The afternoon was a quiet one. The phone never rang. No letters arrived. No one came down the alley. No voices of neighbors disturbed the stillness. No cats crossed the garden, no birds came and called. Now and then a cicada would cry, but not with the usual intensity.

I began to feel some hunger just before seven o’clock, so I fixed myself a dinner of canned food and vegetables. I listened to the evening news on the radio for the first time in ages, but nothing special had been happening in the world. Some teenagers had been killed in an accident on the expressway when the driver of their car had failed in his attempt to pass another car and crashed into a wall. The branch manager and staff of a major bank were under police investigation in connection with an illegal loan they had made. A thirty-six-year-old housewife from Machida had been beaten to death with a hammer by a young man on the street. But these were all events from some other, distant world. The only thing happening in my world was the rain falling in the yard. Soundlessly. Gently.

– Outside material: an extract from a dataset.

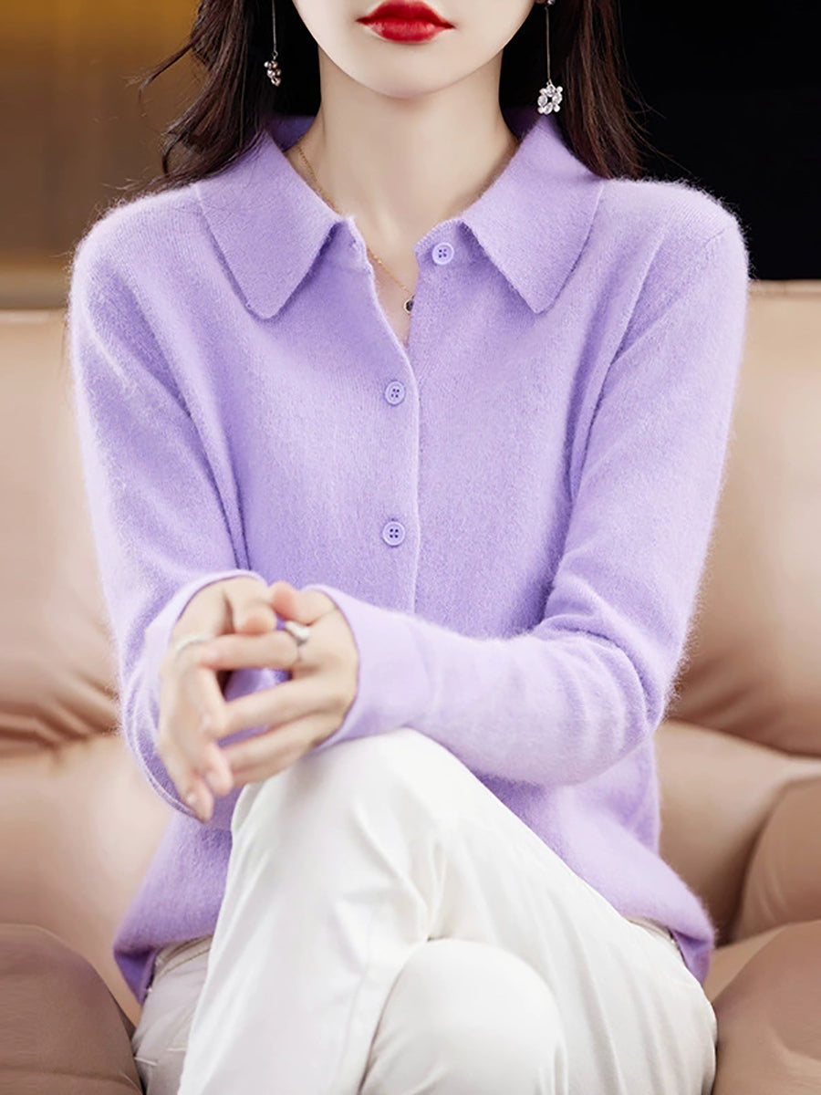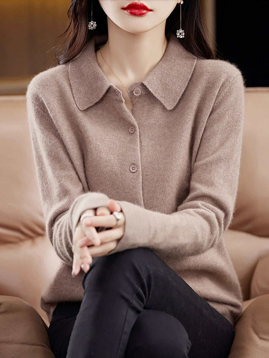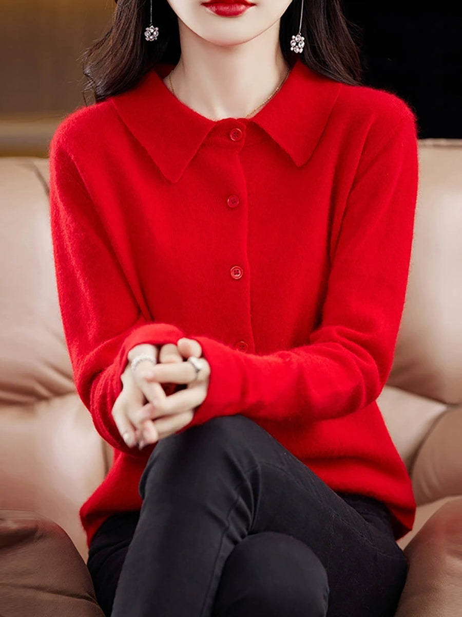 Women Casual Pure Color Turn-down Collar Cardigan Sweater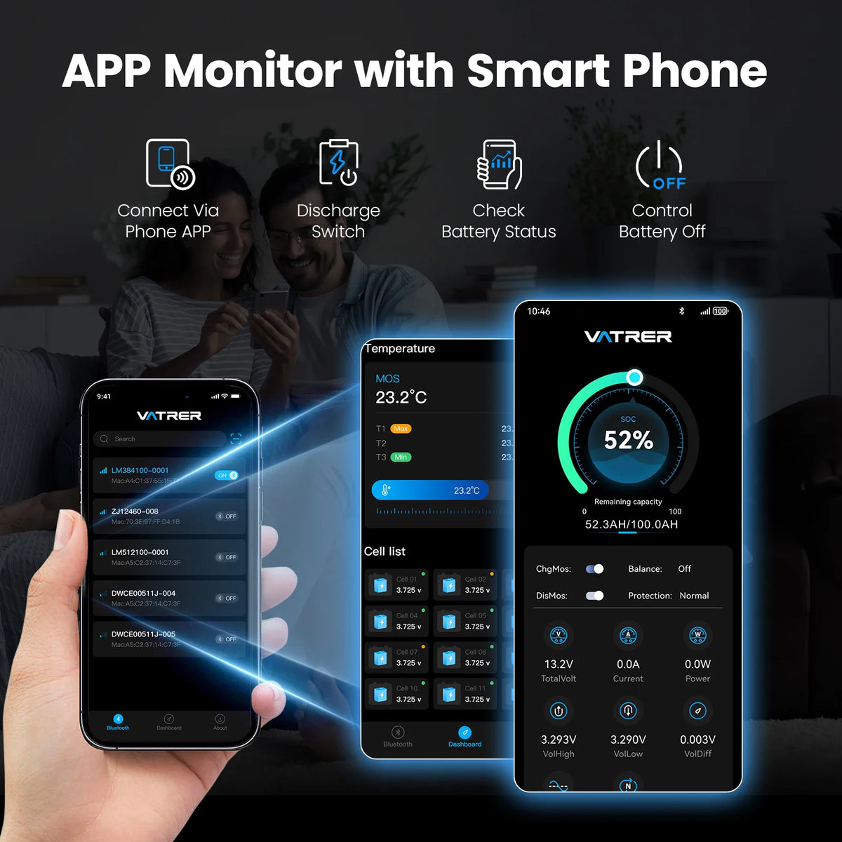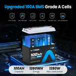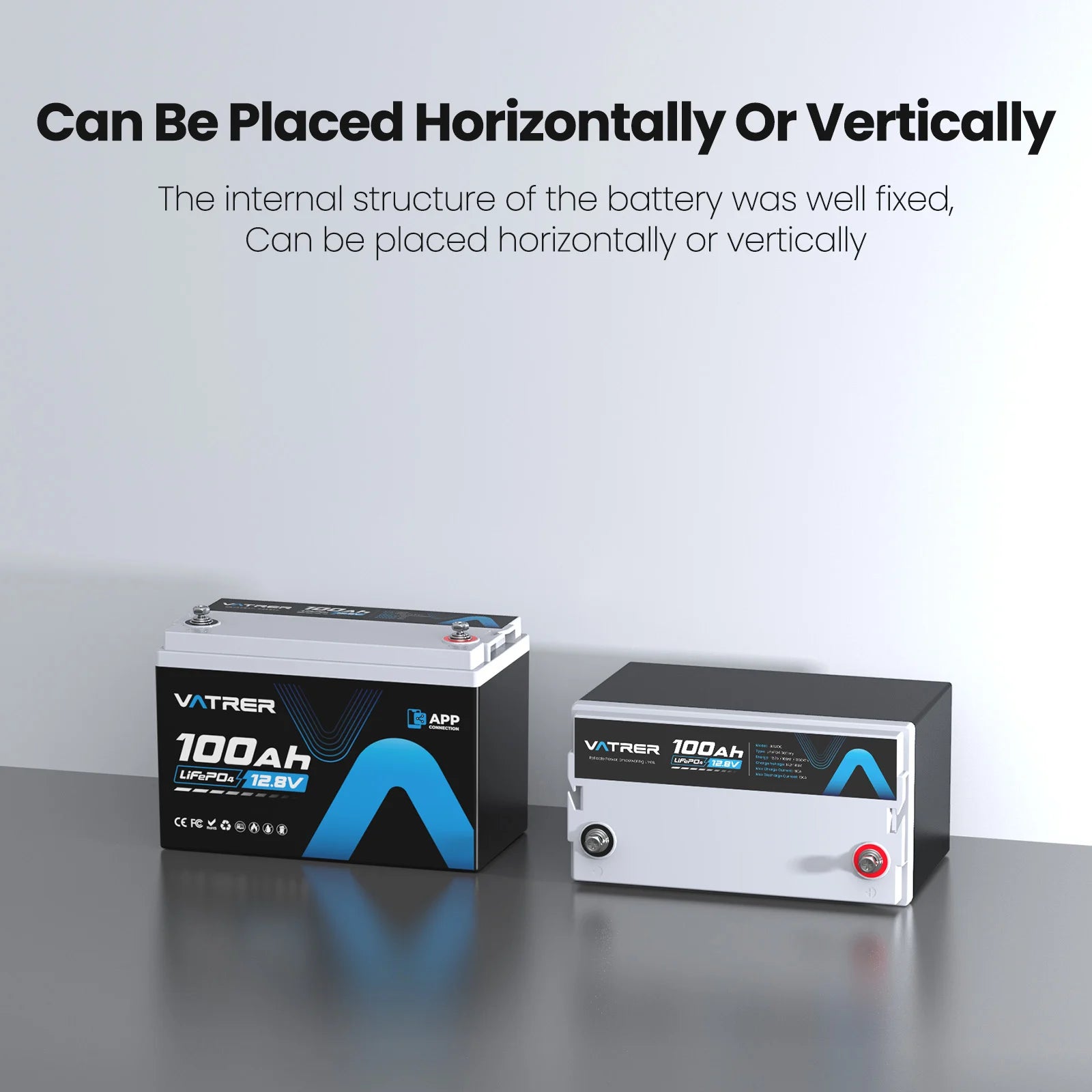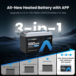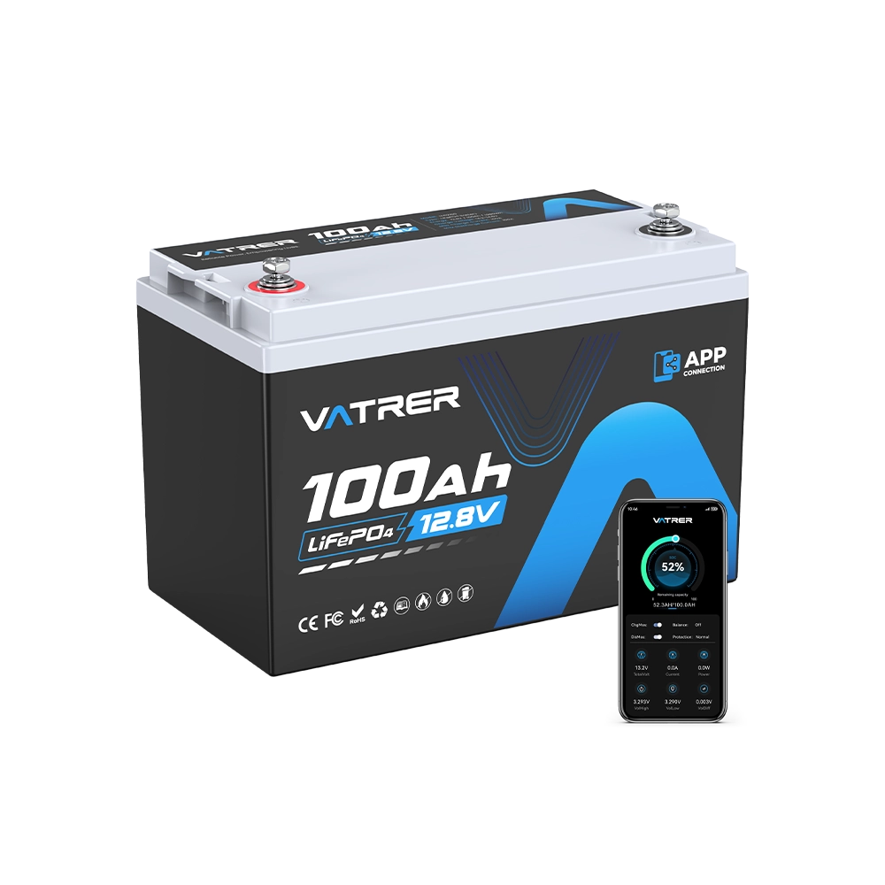 Vatrer 12 V 100 Ah LiFePO4-Lithium-Akku mit Bluetooth, Abschaltung bei niedriger Temperatur und integriertem 100 A BMS

When the clock showed nine, I moved from the sofa to bed, and after finishing a chapter of the book I had started, I turned out the light and went to sleep.

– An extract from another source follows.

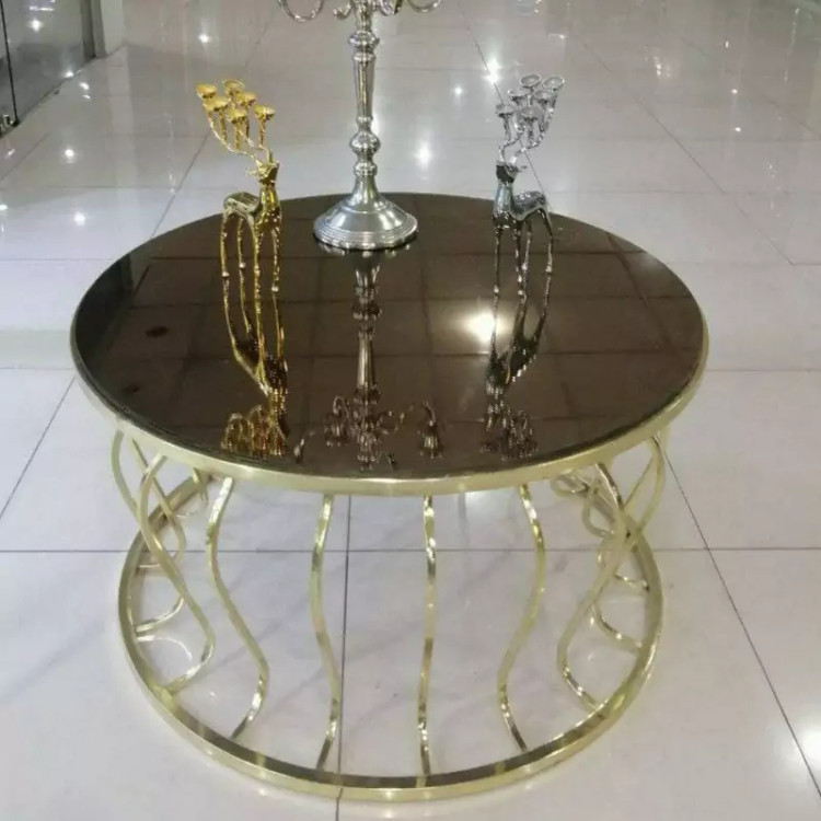 میز جلومبلی عسلی قهوه خوری پاف مدل گلدانی فورتیک طلایی بدنه از جنس پروفیل آهن آبکاری ماندگار فورتیک طلایی صفحه شیشه دودی و برنز و یا چوب ام دی اف با روکش وکیوم هایگلاس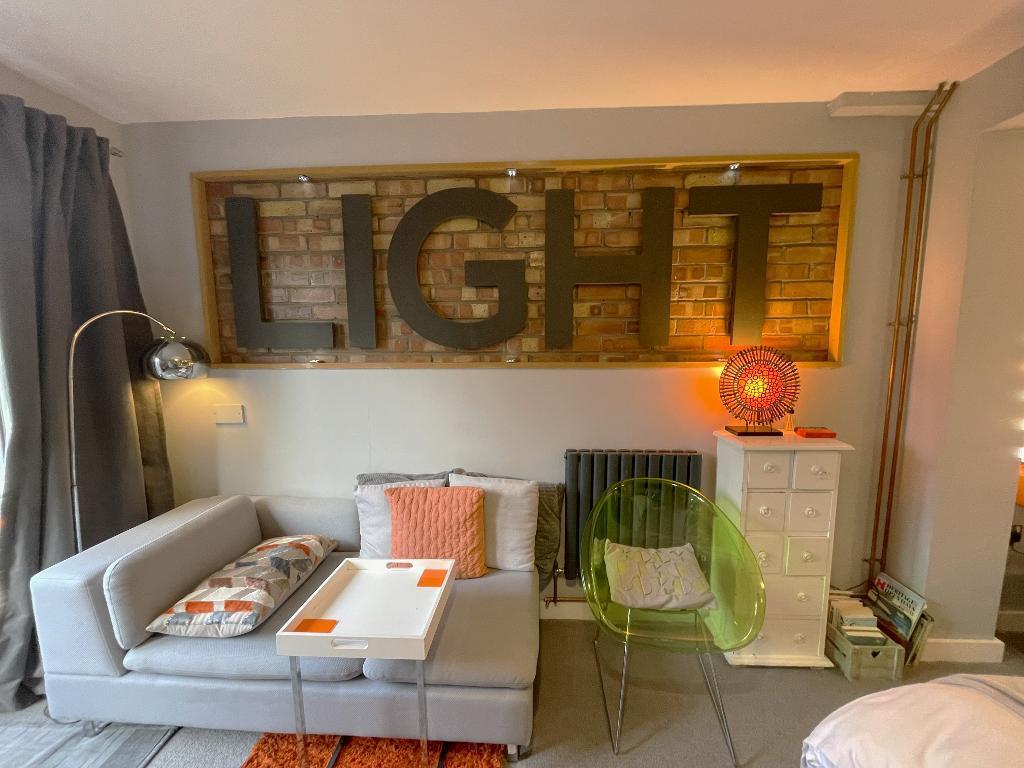 Currently forms the studio apartment with adjoining kitchen and shower room.

I awoke with a start in the middle of some kind of dream. I could not recall what had been happening in the dream, but it had obviously been one filled with tension, because my heart was pounding. The room was still pitch dark. For a time after I awoke, I could not remember where I was. A good deal of time had to go by before I realized that I was in my own house, in my own bed. The hands of the alarm clock showed it to be just after two in the morning. My irregular sleeping habits in the well were probably responsible for these unpredictable cycles of sleep and wakefulness. Once my confusion died down, I felt the need to urinate. It was probably the beer I’d drunk. I would have preferred to go back to sleep, but I had no choice in the matter. When I resigned myself to the fact and sat up in bed, my hand brushed against the skin of the person sleeping next to me. This came as no surprise. That was where Kumiko always slept. I was used to having someone sleeping by my side. But then I realized that Kumiko wasn’t with me anymore. She had left the house.
Some other person was sleeping next to me
.

I held my breath and turned on the light by the bed. It was Creta Kano.

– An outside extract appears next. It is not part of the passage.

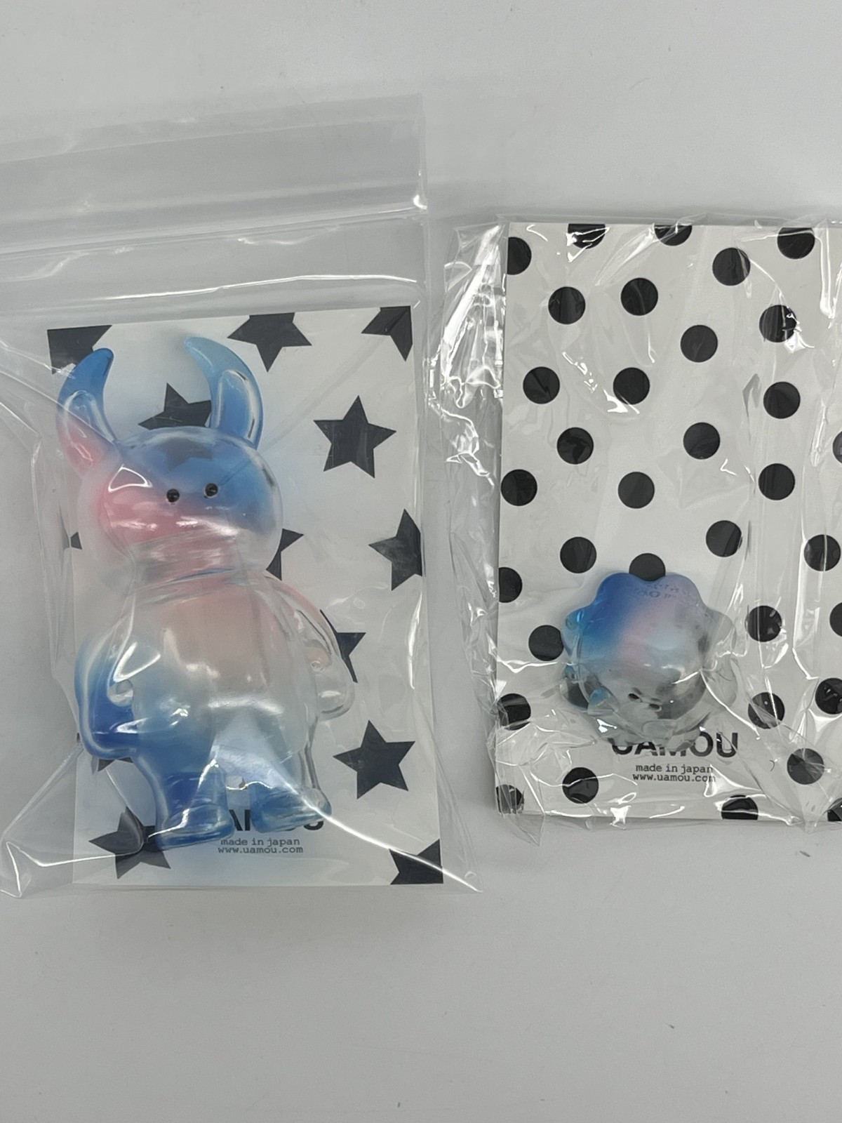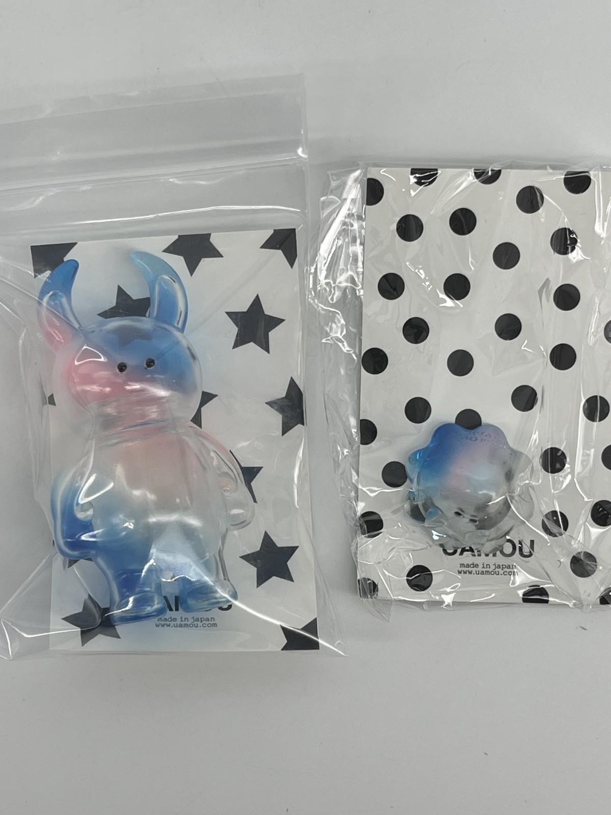 The Uamou Sofubi by Ayako Takagi Monster Angled & Boo is a limited edition designer toy featuring characters Boo, Happy, sad, and surprised in pastel blue to pink colors. This 1:24 scale vinyl toy was manufactured in 2010 as part of the Uamou pop-up shop series. With an original design by Ayako Takagi, this collectible item captures the essence of designer and urban vinyl art, making it a unique addition to any toy collection.

Creta Kano’s Story Continued

Creta Kano was stark naked. Facing toward my side of the bed, she lay there asleep, with nothing on, not even a cover, revealing two well-shaped breasts, two small pink nipples, and, below a perfectly flat stomach, a black triangle of pubic hair, looking like a shaded area in a drawing. Her skin was very white, with a newly minted glow. At a loss to explain her presence here, I nevertheless went on staring at her beautiful body. She had her knees closed tightly together and slightly bent, her legs in perfect alignment. Her hair fell forward, covering half her face, which made it impossible for me to see her eyes, but she was obviously in a deep sleep: my turning on the bedside lamp had caused not the slightest tremble, and her breathing was quiet and regular. I myself, though, was now wide awake. I took a thin summer comforter from the closet and spread it over her. Then I turned out the lamp and, still in my pajamas, went to the kitchen to sit at the table for a while.